§ **EXERCISE GOAL**
Retype all entries exactly, skipping pictures.
▼
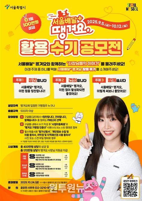 이번 공모전은 오는 9월 5일부터 10월 12일까지 진행되며, ‘서울배달+땡겨요’ 가맹점주라면 누구나 참여할 수 있다. 응모 주제는 ▲칭찬합니다 ▲건의합니다 ▲함께씁시다 등 세 가지로 공공배달앱과 관련된 긍정사례, 개선 제안, 운영 노하우 등을 500자 이상 자유롭게 작성하면 된다.
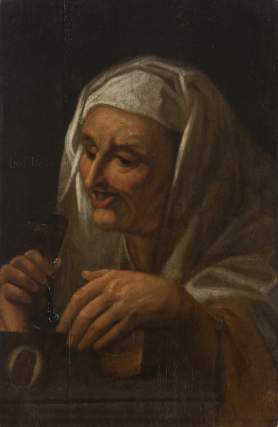 Starsza, zmęczona życiem kobieta spożywa posiłek. Jej pochyloną sylwetkę w chwiejnej równowadze utrzymuje lewa ręka, którą wspiera się na szklance. Prawą podnosi do ust kieliszek z ciemnego szkła. Na blacie widoczna jeszcze część owocu. Świadome zastosowanie światła, którym malarz muska pomarszczoną skórę i udrapowaną chustę staruszki nadają jego pracy kształt wyraźnie realistyczny. Malowana bez upiększeń, twarz poorana zmarszczkami, brak zębów i ziemista karnacja wywołują wrażenie dość przygnębiające, skłaniają do refleksji nad przemijaniem i nieuchronnością śmierci. Trzeba przyznać, że malarz dużą uwagę przywiązał do przejmującego scharakteryzowania jej fizjonomii. Być może nie jest to portret, a studium w zamierzeniu uniwersalne. W tle pobrzmiewają echa moralizatorskich kompozycji holenderskich i flamandzkich, zwłaszcza wobec faktu, iż kobieta uchwycona jest w trakcie raczenia się alkoholem. Stąd możliwość interpretacji w duchu przestrogi przed pijaństwem.
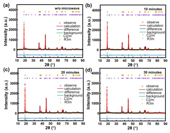 Rietveld refinement was then performed to further explore the influence of microwave treatment on the structure of the samples in more detail (Figure 2) and the refinement results are displayed in Table 1. The intensity ratio of (003) to (104) peaks (I(003)/I(104)) for the layered structure is usually employed to determine the degree of cation mixing. It can be seen that the I(003)/I(104) value of all samples is higher than 1.2, indicating the low cation mixing of all LNCM samples [37]. Moreover, the LNCM sample with 20 min of microwave treatment shows the highest I(003)/I(104) value (i.e., 2.015), indicating the lowest Li+/Ni2+ mixing degree among the samples. This value is higher than previously reported LNCM samples obtained via other synthesis methods (Supplementary Information Table S1), indicating that microwave treatment of LNCM synthesized by the solid-state method is a promising strategy to minimize structural disorders on the LNCM cathode materials.
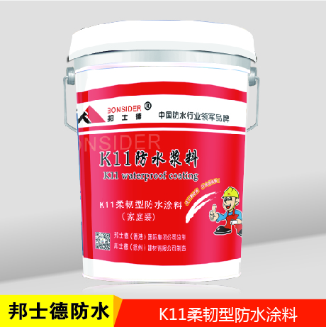 ? ? ?K11柔韌型防水涂料(雙組份),由高分子聚合物改性而成的水泥基防水材料。粉料與添加劑混合后發生反應,涂刷在基面上形成一層堅韌的防水膜,能抵御建筑物各種原因產生的微裂縫,適應建筑結構輕微的震動以及不大于2mm的位移。該防水層干固后不會產生收縮,能阻止底材硅酸鹽的滲透,抑制霉菌的生長和防止鹽份對飾面或混凝土造成污染和侵蝕。
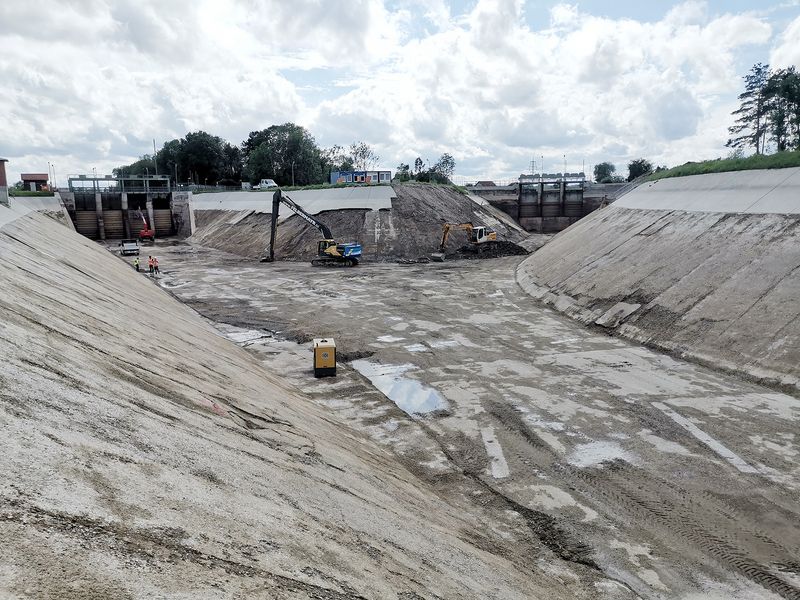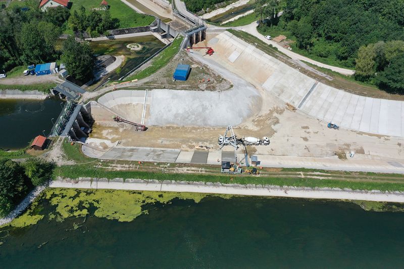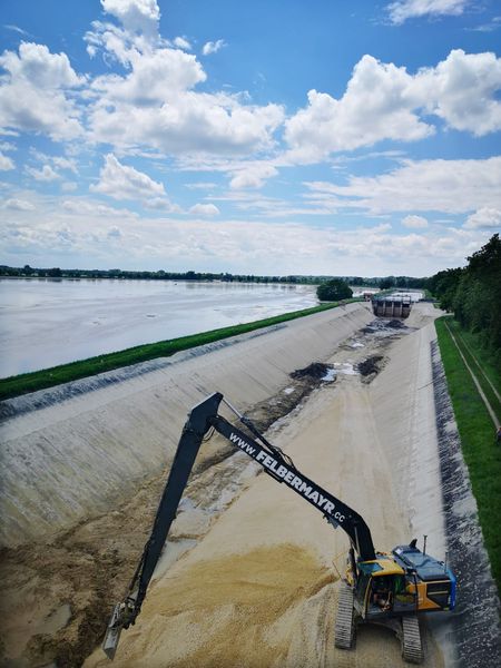 „Unsere Aufgabe war es, ein Konzept zu entwickeln und umzusetzen, um die Stand- und Betriebssicherheit für mindestens 50 weitere Jahre zu gewährleisten, sodass keine weiteren Abstellungen beziehungsweise Dammsanierungen in diesem Bereich mehr notwendig sind“, fasst Pieringer den Auftrag zusammen. Doch schon die Baustellenaufschließung war problematisch. So war die zum Sanierungsbereich führende Brücke nur bis zu einer Traglast von neun Tonnen befahrbar. Notwendig war aus baubetrieblichen Gründen eine Befahrbarkeit für „SLW 60“ (Schwerlastwagen mit 60 Tonnen), sodass vom Bauherren vorgesehen war, zunächst in zweiwöchiger Arbeit einen Überfahrtdamm zu errichten. Weiterhin war – um das Baufeld trocken legen zu können – im Unterwasser ein sogenannter Fangedamm mit Oberflächenabdichtung nötig. Von diesem wurde auch über eine Rampe die Zufahrt zur Baustelle möglich gemacht. Um das bewerkstelligen zu können, war zudem die Wiederherstellung eines ein Kilometer langen Dammhinterweges notwendig. Erst dann konnte mit den eigentlichen Arbeiten der Dammsanierung begonnen werden.
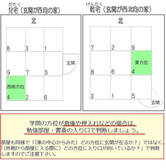 ・玄関が西向き(=(普通は)東に玄関が在る) — 文昌位は(家の中心から見た)「西南」
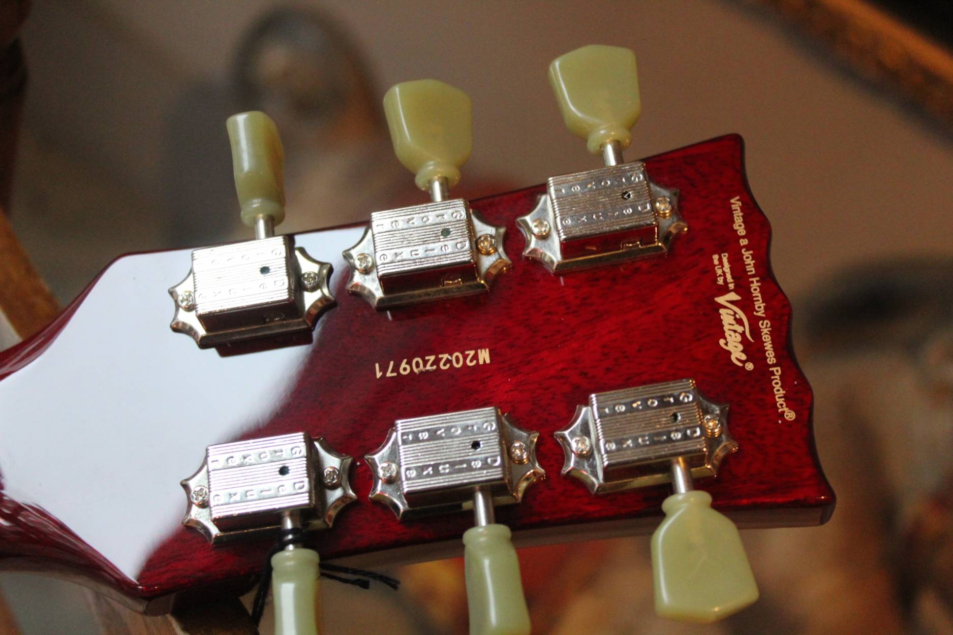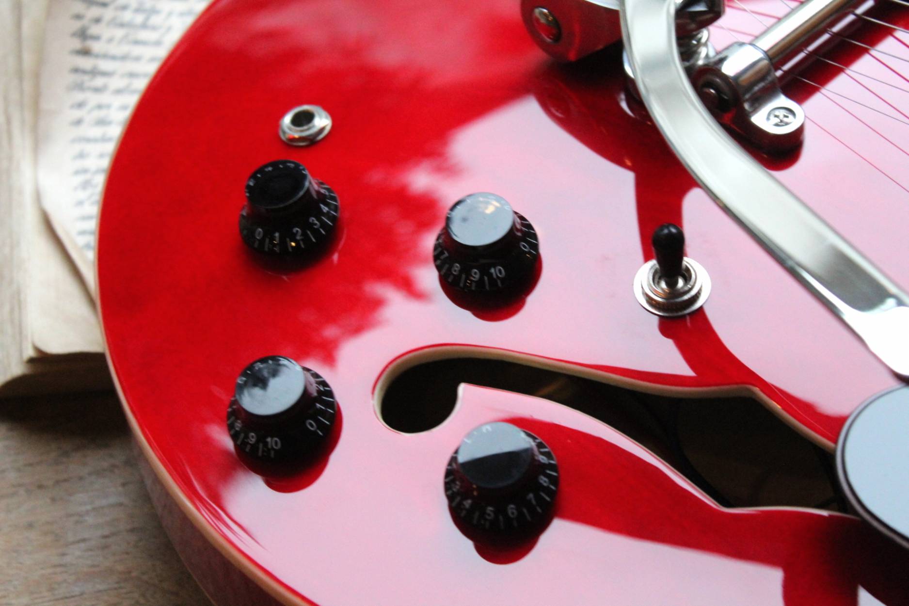 For many years, the Vintage® ReIssued™ Series VSA500 semi-acoustic guitar with a maple body and mahogany neck, has been a firm favourite amongst rock, jazz and blues players around the world, for its ability to effortlessly deliver acoustic properties of archtop guitars at louder volumes with reduced feedback. Available in a gorgeous gloss Boulevard Black finish offset with cream binding, 3 ply black scratchplate and chrome hardware, this highly professional Vintage ReIssued VSA500B semi-acoustic guitar is also fitted with a Bigsby® licensed vibrato as standard. Beautiful warm, thick, powerful rich tones via a pair of Wilkinson vintage voiced WOCHB double coil pickups are delivered with exceptional clarity, whilst additional high-end hardware includes, chrome Grover tulip machine heads, a GraphTech nut, Wilkinson T.O.M bridge and the chrome Bigsby B70 vibrato tailpiece for sensitive vibrato duties and increased sustain. Vintage's unique, offset double cutaway evolutionary body shape, ingeniously-designed offset heel and enhanced treble side cutaway, improves playability and access the full length of the 22 fret fingerboard. VSA500B Specifications. Body: Maple body with maple top provides resonance, tone and 'correct weight' comfort. The VSA500B features Vintage's unique, offset double cutaway evolutionary body shape, ingeniously-designed offset heel and enhanced treble side cutaway to improve upper fret access and playability. Bridge: Wilkinson T.O.M. bridge provides superb tuning stability along with adjustable intonation for each string. Vibrato: Chrome Bigsby® licensed B70. Pickups: Two Wilkinson® vintage voiced WOCHB double coils provide thick and rich tones. Controls: Dual master Volume and Tone controls with three position pickup selector switch. Machine heads: Grover® tulip machine heads provide simple, effective action for superb tuning stability. Neck: One piece Mahogany with classic Vintage 'soft C' profile for instant comfort, speed, accuracy and great feel. Fingerboard: 12" radius fingerboard provides positive feel and superior playability. Scale Length: 24.75" / 628mm. Frets: 22 Medium Jumbo profile frets add to comfort, accuracy and overall positive feel of the VSA500B. Nut: 43mm GraphTech for smooth and friction-free string bending and tuning. Headstock: Classic Vintage headstock design for balance and visual appeal. The VSA500B™ is an original Vintage® ReIssued Series guitar designed in the UK by the Vintage® design team.
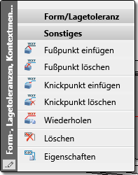 Im Kontextmenü für Form-/Lagetoleranzen finden Sie weitere Funktionen zur Bearbeitung von Form-/Lagetoleranzen.
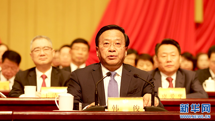 1月25日下午,安徽省政协十三届二次会议在安徽大剧院胜利闭幕,中共安徽省委书记韩俊出席会议并讲话。新华网发(蔡笑东 摄)
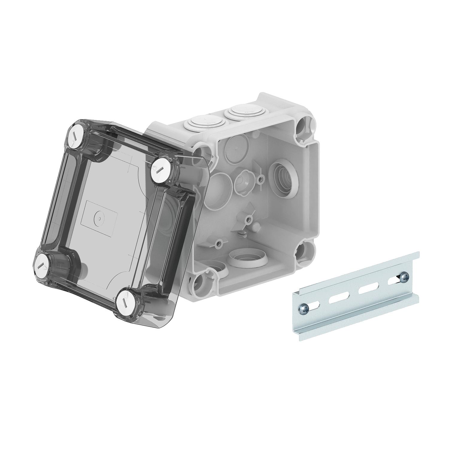 Popis produktuOdbočná krabice k propojení kabelů a vedení v interiéru a chráněném venkovním prostoru. Čtvercové provedení s násuvnými těsnicími průchodkami po stranách a otvory k vyražení ve dně. Vhodná pro montáž na stěnu či strop a k montáži na montážní plechy. S možností vnitřního upevnění a montáže pomocí rohových nálitků. Vysoké transparentní víko s rychlouzávěrem, možnost zaplombování. Vyrobeno z bezhalogenových materiálů stabilizovaných proti ultrafialovému záření.
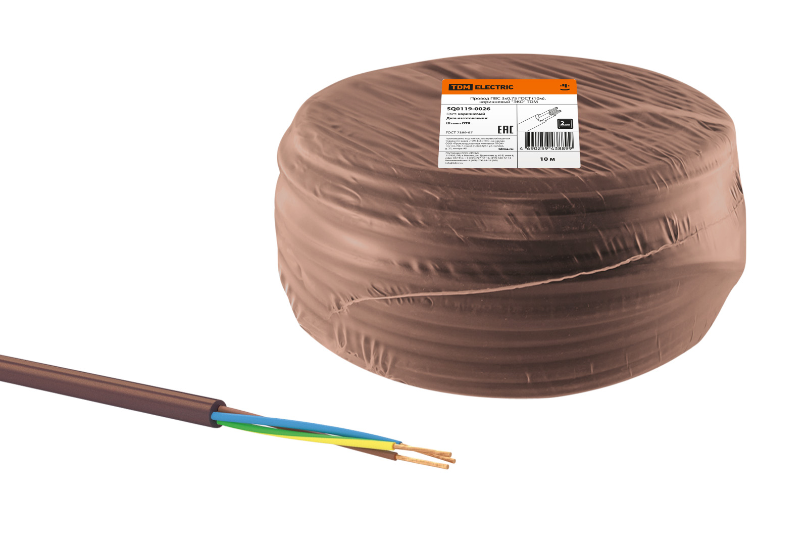 Провод ПВС 3х0,75 ГОСТ (10м), коричневый "ЭКО" TDM
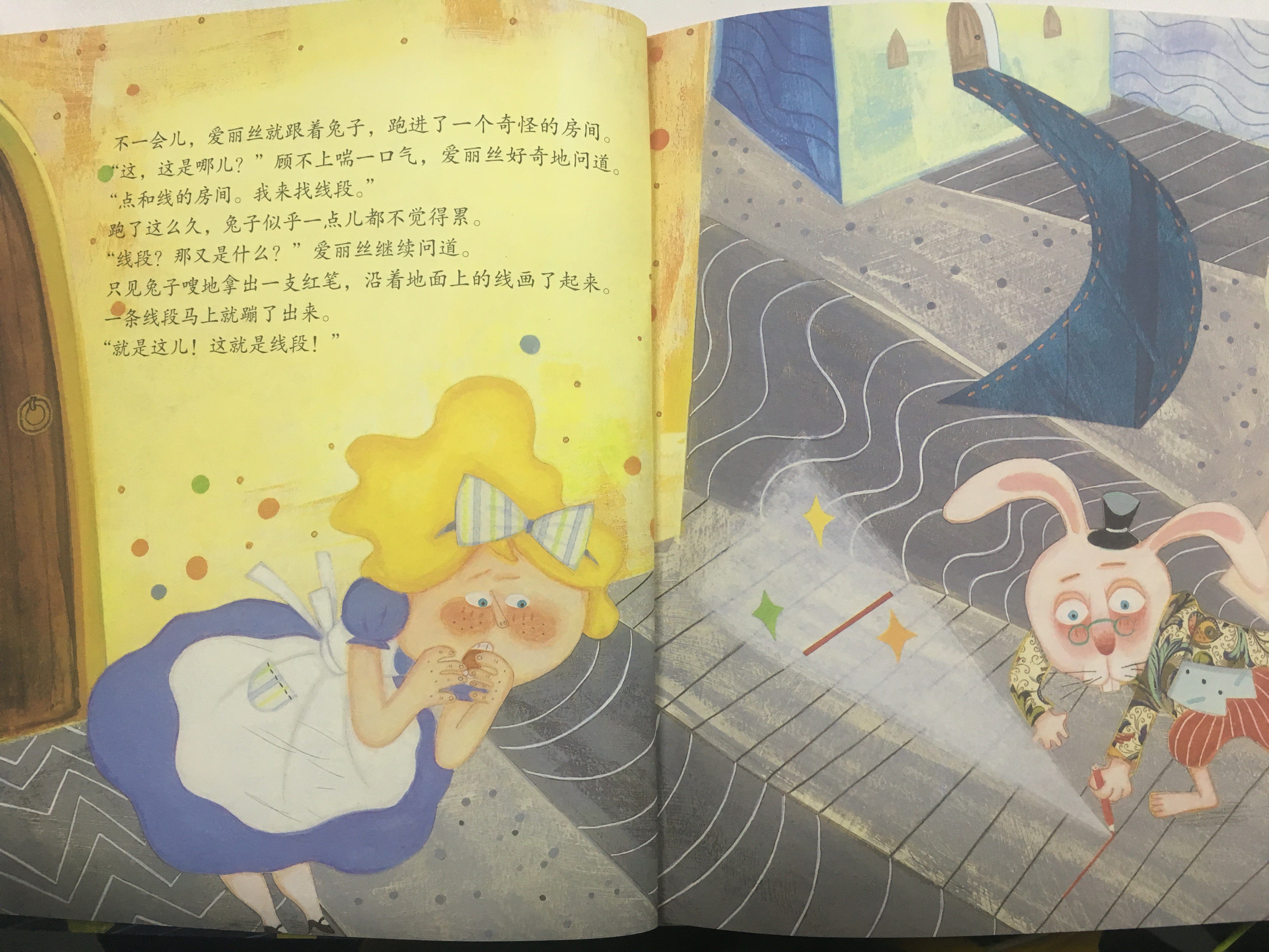 知道了什么是线和角,这就为后面爱丽丝和兔子寻找圆、三角形和正方形打下了基础。如果能收集全这三个图形兔子的任务就完成啦。
▲
§ **EXERCISE RESULT**
 이번 공모전은 오는 9월 5일부터 10월 12일까지 진행되며, ‘서울배달+땡겨요’ 가맹점주라면 누구나 참여할 수 있다. 응모 주제는 ▲칭찬합니다 ▲건의합니다 ▲함께씁시다 등 세 가지로 공공배달앱과 관련된 긍정사례, 개선 제안, 운영 노하우 등을 500자 이상 자유롭게 작성하면 된다.
 Starsza, zmęczona życiem kobieta spożywa posiłek. Jej pochyloną sylwetkę w chwiejnej równowadze utrzymuje lewa ręka, którą wspiera się na szklance. Prawą podnosi do ust kieliszek z ciemnego szkła. Na blacie widoczna jeszcze część owocu. Świadome zastosowanie światła, którym malarz muska pomarszczoną skórę i udrapowaną chustę staruszki nadają jego pracy kształt wyraźnie realistyczny. Malowana bez upiększeń, twarz poorana zmarszczkami, brak zębów i ziemista karnacja wywołują wrażenie dość przygnębiające, skłaniają do refleksji nad przemijaniem i nieuchronnością śmierci. Trzeba przyznać, że malarz dużą uwagę przywiązał do przejmującego scharakteryzowania jej fizjonomii. Być może nie jest to portret, a studium w zamierzeniu uniwersalne. W tle pobrzmiewają echa moralizatorskich kompozycji holenderskich i flamandzkich, zwłaszcza wobec faktu, iż kobieta uchwycona jest w trakcie raczenia się alkoholem. Stąd możliwość interpretacji w duchu przestrogi przed pijaństwem.
 Rietveld refinement was then performed to further explore the influence of microwave treatment on the structure of the samples in more detail (Figure 2) and the refinement results are displayed in Table 1. The intensity ratio of (003) to (104) peaks (I(003)/I(104)) for the layered structure is usually employed to determine the degree of cation mixing. It can be seen that the I(003)/I(104) value of all samples is higher than 1.2, indicating the low cation mixing of all LNCM samples [37]. Moreover, the LNCM sample with 20 min of microwave treatment shows the highest I(003)/I(104) value (i.e., 2.015), indicating the lowest Li+/Ni2+ mixing degree among the samples. This value is higher than previously reported LNCM samples obtained via other synthesis methods (Supplementary Information Table S1), indicating that microwave treatment of LNCM synthesized by the solid-state method is a promising strategy to minimize structural disorders on the LNCM cathode materials.
 ? ? ?K11柔韌型防水涂料(雙組份),由高分子聚合物改性而成的水泥基防水材料。粉料與添加劑混合后發生反應,涂刷在基面上形成一層堅韌的防水膜,能抵御建筑物各種原因產生的微裂縫,適應建筑結構輕微的震動以及不大于2mm的位移。該防水層干固后不會產生收縮,能阻止底材硅酸鹽的滲透,抑制霉菌的生長和防止鹽份對飾面或混凝土造成污染和侵蝕。
 „Unsere Aufgabe war es, ein Konzept zu entwickeln und umzusetzen, um die Stand- und Betriebssicherheit für mindestens 50 weitere Jahre zu gewährleisten, sodass keine weiteren Abstellungen beziehungsweise Dammsanierungen in diesem Bereich mehr notwendig sind“, fasst Pieringer den Auftrag zusammen. Doch schon die Baustellenaufschließung war problematisch. So war die zum Sanierungsbereich führende Brücke nur bis zu einer Traglast von neun Tonnen befahrbar. Notwendig war aus baubetrieblichen Gründen eine Befahrbarkeit für „SLW 60“ (Schwerlastwagen mit 60 Tonnen), sodass vom Bauherren vorgesehen war, zunächst in zweiwöchiger Arbeit einen Überfahrtdamm zu errichten. Weiterhin war – um das Baufeld trocken legen zu können – im Unterwasser ein sogenannter Fangedamm mit Oberflächenabdichtung nötig. Von diesem wurde auch über eine Rampe die Zufahrt zur Baustelle möglich gemacht. Um das bewerkstelligen zu können, war zudem die Wiederherstellung eines ein Kilometer langen Dammhinterweges notwendig. Erst dann konnte mit den eigentlichen Arbeiten der Dammsanierung begonnen werden.
 ・玄関が西向き(=(普通は)東に玄関が在る) — 文昌位は(家の中心から見た)「西南」
 For many years, the Vintage® ReIssued™ Series VSA500 semi-acoustic guitar with a maple body and mahogany neck, has been a firm favourite amongst rock, jazz and blues players around the world, for its ability to effortlessly deliver acoustic properties of archtop guitars at louder volumes with reduced feedback. Available in a gorgeous gloss Boulevard Black finish offset with cream binding, 3 ply black scratchplate and chrome hardware, this highly professional Vintage ReIssued VSA500B semi-acoustic guitar is also fitted with a Bigsby® licensed vibrato as standard. Beautiful warm, thick, powerful rich tones via a pair of Wilkinson vintage voiced WOCHB double coil pickups are delivered with exceptional clarity, whilst additional high-end hardware includes, chrome Grover tulip machine heads, a GraphTech nut, Wilkinson T.O.M bridge and the chrome Bigsby B70 vibrato tailpiece for sensitive vibrato duties and increased sustain. Vintage's unique, offset double cutaway evolutionary body shape, ingeniously-designed offset heel and enhanced treble side cutaway, improves playability and access the full length of the 22 fret fingerboard. VSA500B Specifications. Body: Maple body with maple top provides resonance, tone and 'correct weight' comfort. The VSA500B features Vintage's unique, offset double cutaway evolutionary body shape, ingeniously-designed offset heel and enhanced treble side cutaway to improve upper fret access and playability. Bridge: Wilkinson T.O.M. bridge provides superb tuning stability along with adjustable intonation for each string. Vibrato: Chrome Bigsby® licensed B70. Pickups: Two Wilkinson® vintage voiced WOCHB double coils provide thick and rich tones. Controls: Dual master Volume and Tone controls with three position pickup selector switch. Machine heads: Grover® tulip machine heads provide simple, effective action for superb tuning stability. Neck: One piece Mahogany with classic Vintage 'soft C' profile for instant comfort, speed, accuracy and great feel. Fingerboard: 12" radius fingerboard provides positive feel and superior playability. Scale Length: 24.75" / 628mm. Frets: 22 Medium Jumbo profile frets add to comfort, accuracy and overall positive feel of the VSA500B. Nut: 43mm GraphTech for smooth and friction-free string bending and tuning. Headstock: Classic Vintage headstock design for balance and visual appeal. The VSA500B™ is an original Vintage® ReIssued Series guitar designed in the UK by the Vintage® design team.
 Im Kontextmenü für Form-/Lagetoleranzen finden Sie weitere Funktionen zur Bearbeitung von Form-/Lagetoleranzen.
 1月25日下午,安徽省政协十三届二次会议在安徽大剧院胜利闭幕,中共安徽省委书记韩俊出席会议并讲话。新华网发(蔡笑东 摄)
 Popis produktuOdbočná krabice k propojení kabelů a vedení v interiéru a chráněném venkovním prostoru. Čtvercové provedení s násuvnými těsnicími průchodkami po stranách a otvory k vyražení ve dně. Vhodná pro montáž na stěnu či strop a k montáži na montážní plechy. S možností vnitřního upevnění a montáže pomocí rohových nálitků. Vysoké transparentní víko s rychlouzávěrem, možnost zaplombování. Vyrobeno z bezhalogenových materiálů stabilizovaných proti ultrafialovému záření.
 Провод ПВС 3х0,75 ГОСТ (10м), коричневый "ЭКО" TDM
 知道了什么是线和角,这就为后面爱丽丝和兔子寻找圆、三角形和正方形打下了基础。如果能收集全这三个图形兔子的任务就完成啦。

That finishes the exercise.